— Куда вы едете, сударь? — спросил слуга.
— К черту! — отвечал я.
— А паспорт ваш? — возразил он.
Я чувствовал, что для путешествия к черту имел достаточное число паспортов. Образумившись немного, я сказал, что еду в Швейцарию, и сказал потому, что имя это первым пришло мне в голову, и я слышал, что она была сборищем всех моих соотечественников, которых головы, сердца, легкие или финансы находились в расстройстве.
Я поднялся на Сент-Бернард пешком; путешествие это при приближении к вершине чрезвычайно занимало меня. Горы внизу и Альпы над головой сливались в одну массу льда и снега, и я с презрением смотрел на лежавший подо мной мир. Я поселился на некоторое время в находящемся там монастыре; богатый мой взнос в церковную кружку доставил мне гостеприимное дозволение прожить долее срока, назначенного для странников.
Я получил письмо от Евгении; оно было последним в ее жизни. Евгения уведомляла меня о смерти своего сына, который, вышедши гулять из дому, упал в ручей и был найден потом чрез несколько часов мертвым. Расстроенное состояние ее души не позволяло ей ничего более прибавить, кроме благословения мне и твердого убеждения, что в этом мире мы уже не увидимся; затем окончание письма было совершенно несвязное. Хотя я мог бы сказать, что не в состоянии был чувствовать тогда другой печали, но потеря этого милого мальчика и положение его горюющей матери нашли место в сердце моем и заставили забыть все прочее. Она просила меня поспешить приездом, если желаю видеться с нею прежде отхода ее в другой мир.

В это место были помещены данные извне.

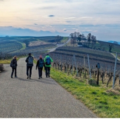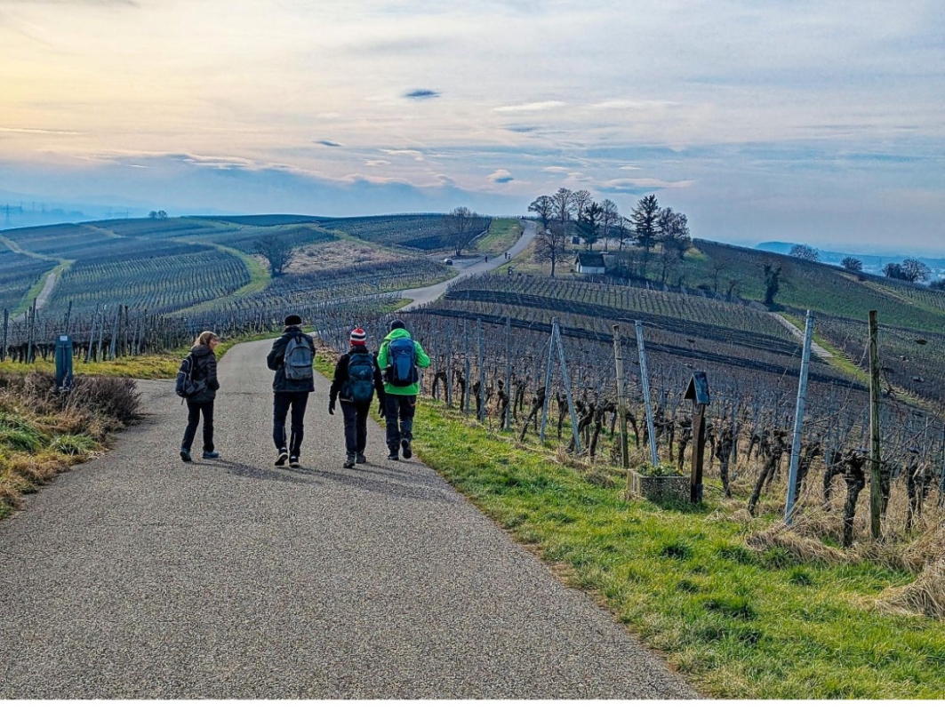 Mit der Bahn fuhren wir nach St. Georgen. Von dort aus machten sich 8 Wanderer (4 Frauen und 4 Männer ) auf den Weg zum Wiiwegli.Diesem Weg folgten wir über Ebringen und dem Batzenberg mit Mittagspause in einer Rebhütte bis nach Ehrenkirchen. Bei sehr schönem Wetter genossen wir die Aussicht auf Schwarzwald und Vogesen.
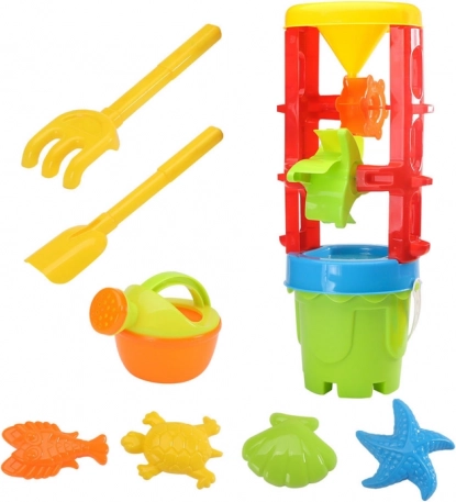 - Grande mulino per la sabbia, secchiello, paletta, rastrello, annaffiatoio, 4 formine
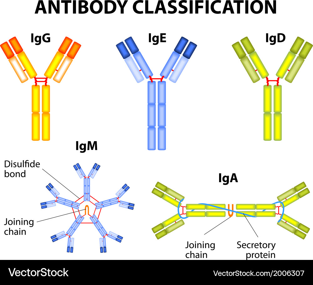 IgM: أول جسم مضاد بيظهر لما يحصل إصابة، بيشتغل بسرعة بس مش بيطول. له دور مهم في الأمراض المناعية
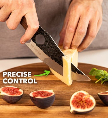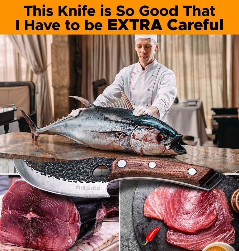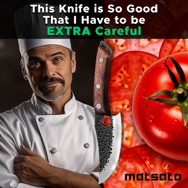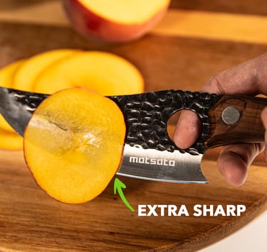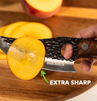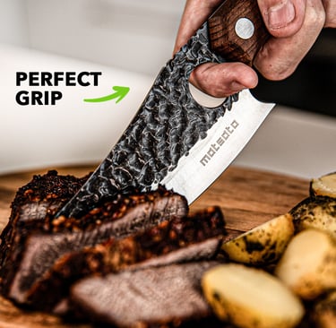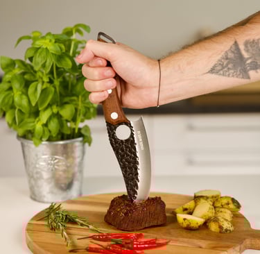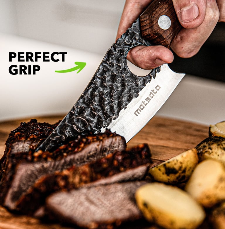 🔨 Precisely Crafted Details From the rugged hammered finish (which stops food from sticking) to the balanced weight distribution, every inch of this knife is engineered for performance.
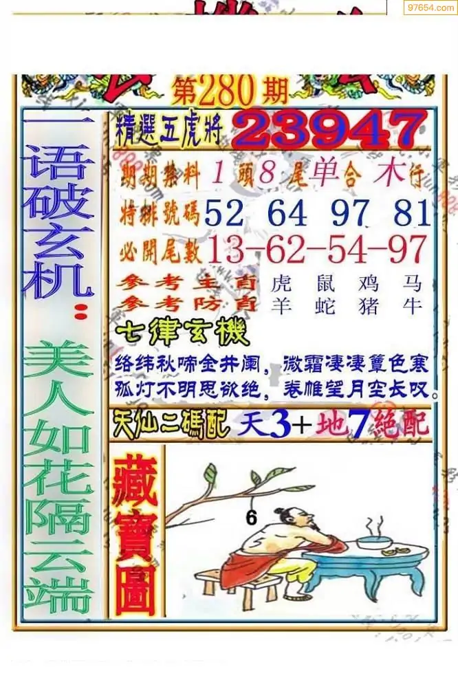 25年280期福彩仙姑综合图
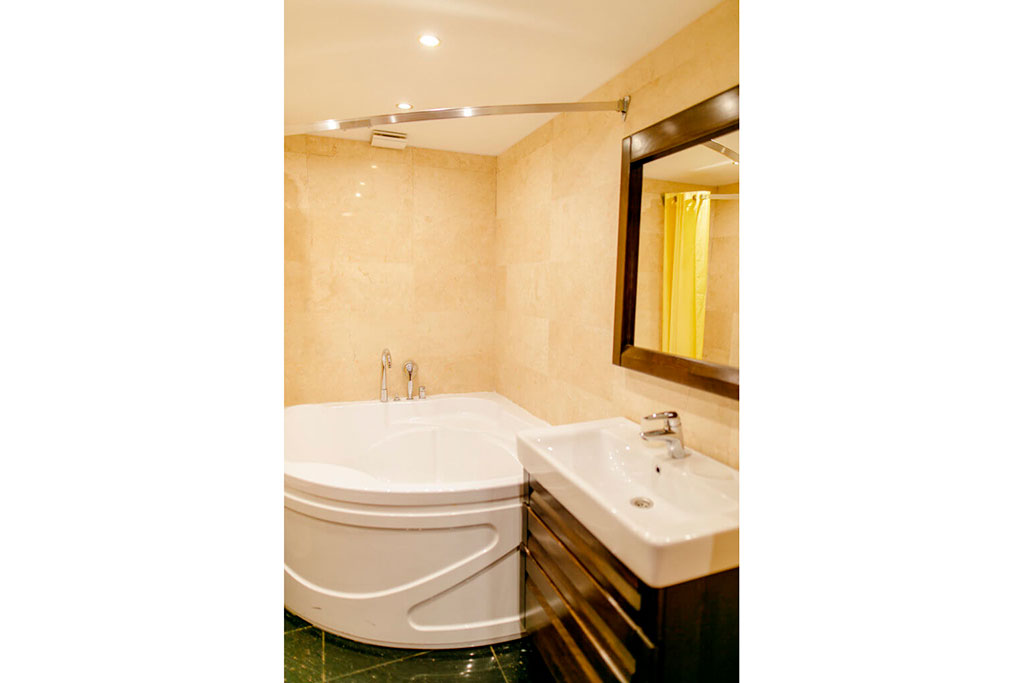 Спальня – одна двуспальная кровать. Гостиная (проходная комната) – раскладной диван. В номере сейф, мини-бар за доп. оплату, 2 плазменных ТВ, в санузле ванная, набор косметики, фен, халаты и тапочки.
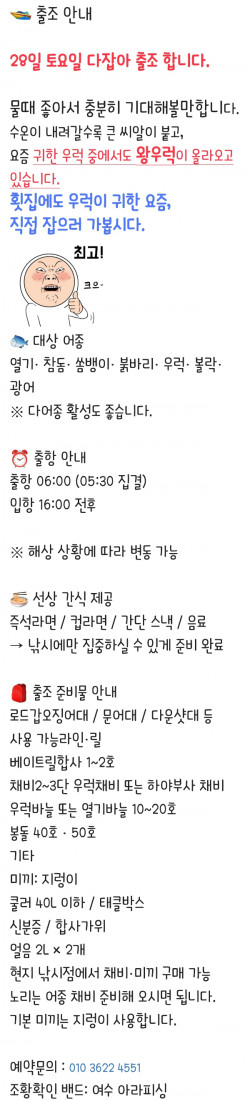 ⚓️여수 아라피싱호 예약 안내 ⚓️ ⭐️예약문의 : 010-3622-4551 , 010-5629-7913⭐️입금계좌 : 2020.4606.9103 수협 최재성⭐️오시는길 : 전
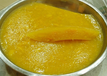晶瑩剔透的大菜蛋是人見人愛的香港小食,尢其在夏天,吃吃冰涼的大菜糕﹐由喉嚨涼到入心﹐才叫人真正舒暢。 原料: 大菜15克,水750毫升,糖100克,雞蛋3只,塑料蛋殼數(shù)個(gè)。 做法: 1、大菜洗凈剪碎。 用沸水煮溶大菜時(shí),邊攪拌邊加入糖。 2、將雞蛋打勻后倒入大菜溶液中成蛋花。待大菜溶液稍冷卻后,用塑料蛋殼盛載大菜溶液并置于雪柜中冷凍至凝結(jié)。 3、數(shù)小時(shí)后取出剝?nèi)ニ芰系皻ぜ纯墒秤谩?/P> |
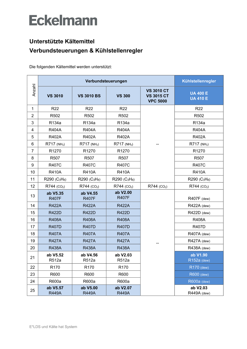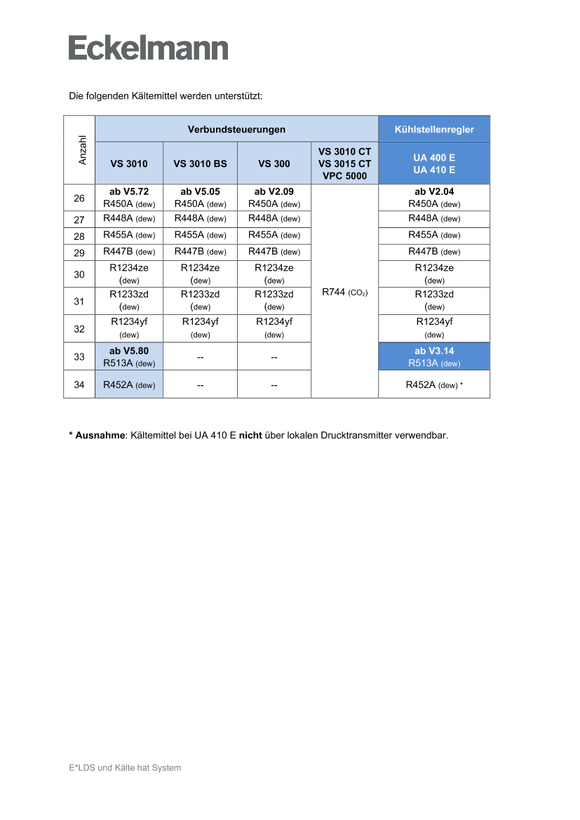 Unterstützte<br />Kältemittel im<br />E*LDS-System
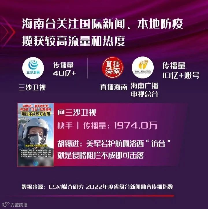 海南台新闻融合微信传播指数排名显著提升、继2019年第二次进入前十名。@直播海南传播量较2021年上涨60.6%,贡献台内超六成流量。
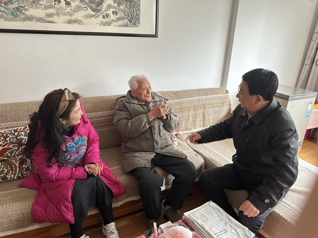 在老同志吴良松的家中,院领导代表医院送上节日慰问金和礼品,与他促膝谈心,详细询问身体状况、家庭生活情况和存在的困难。
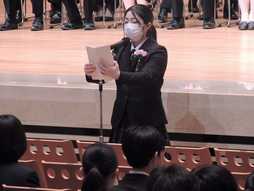 それでも越えられない時には、先生方、先輩方の力もお借りしながら挑戦させていただきたいと思います。私たち新入生は強い精神を保ち、時にはくじけそうなことがあってもあきらめずに、物事をやり抜き、互いの個性を尊重しあいながら切磋琢磨しあい、感受性豊かな人間になることをここに誓います。(抜粋)
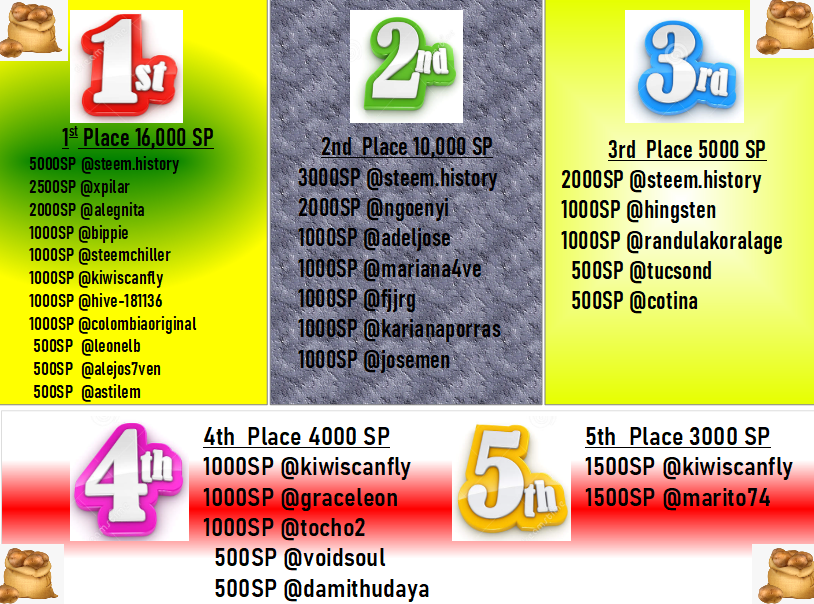 We have an update on our Prize pool which has just increased to a whooping 38,000 Steem power, this has increased due to 2 new sponsors jumping on board.
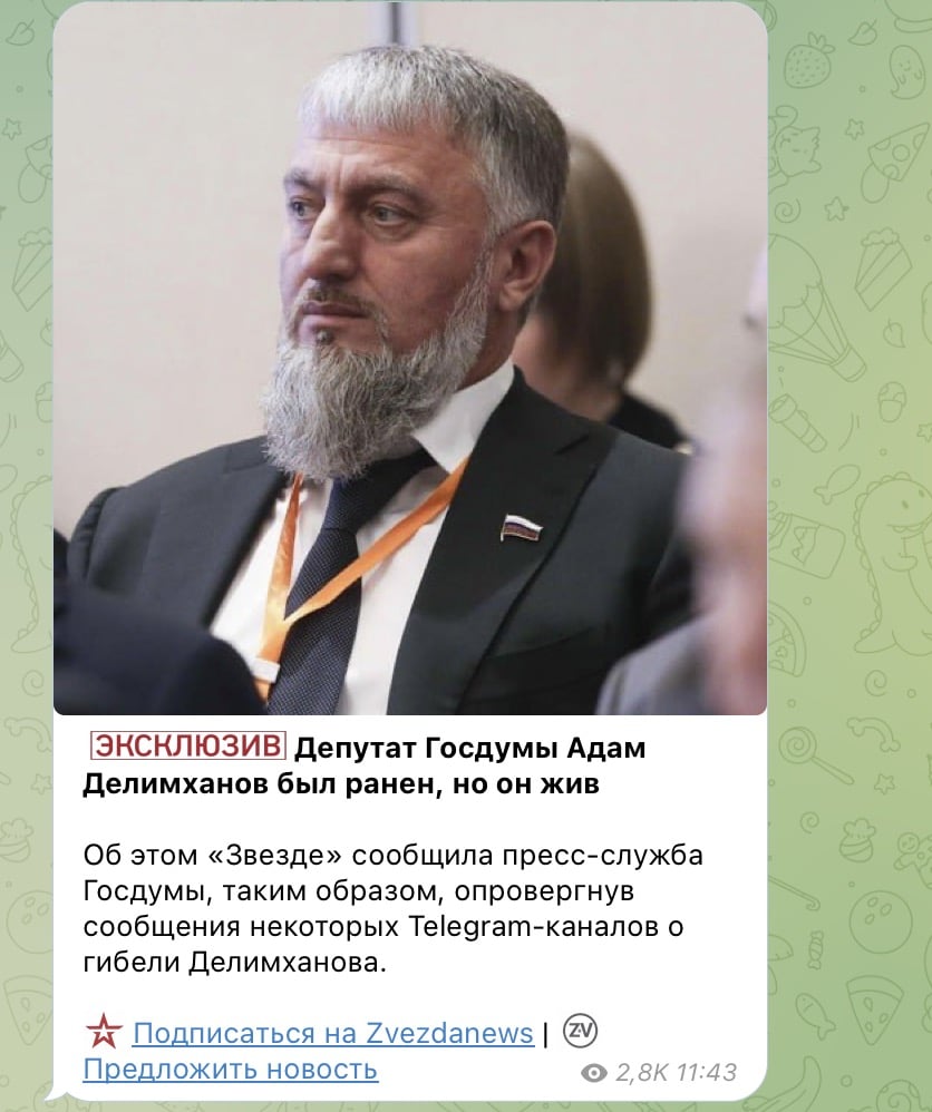 - В текущей версии новости утверждается, что «официального подтверждения [ранения Делимханова] не поступало».

Я простился с монахами и со всевозможной скоростью прибыл в Париж, а оттуда в Кале. В гостинице Квилака, где я остановился, меня поразил удар, и хотя я мог предвидеть его, но не был еще к нему приготовлен. Это было письмо от поверенного Евгении, извещавшее о ее смерти. Она умерла от воспаления мозга в небольшом городке, в Норфольке, куда удалилась вскоре после нашей разлуки. Поверенный уведомлял также, что Евгения завещала мне все свое состояние, бывшее весьма значительным, и что ее последние слова, сказанные ему пред потерей памяти, были, что я составлял первый и постоянно единственный предмет ее любви.
Я уже закалился тогда в страданиях. Чувства мои не принимали более впечатлений. Я походил на корабль, бедствующий во время урагана, когда последняя грозная волна смоет все с палубы его, и он остается бессильным обломком, швыряемым по воле свирепого моря. Среди Этого опустошения я бродил мыслями, и единый предмет, представившийся мне тогда как наиболее достойный внимания моего, была могила, заключавшая в себе Евгению и ее сына. Туда я решился отправиться.
К тебе возвращаюсь я дрожащей стопой.
— А, вы хотите сказать могилу молодой прекрасной дамы, умершей с печали о потере своего сына? Вот она, — продолжал он, указывая пальцем, — павлин сидит теперь на памятнике ее, а малютка погребен подле.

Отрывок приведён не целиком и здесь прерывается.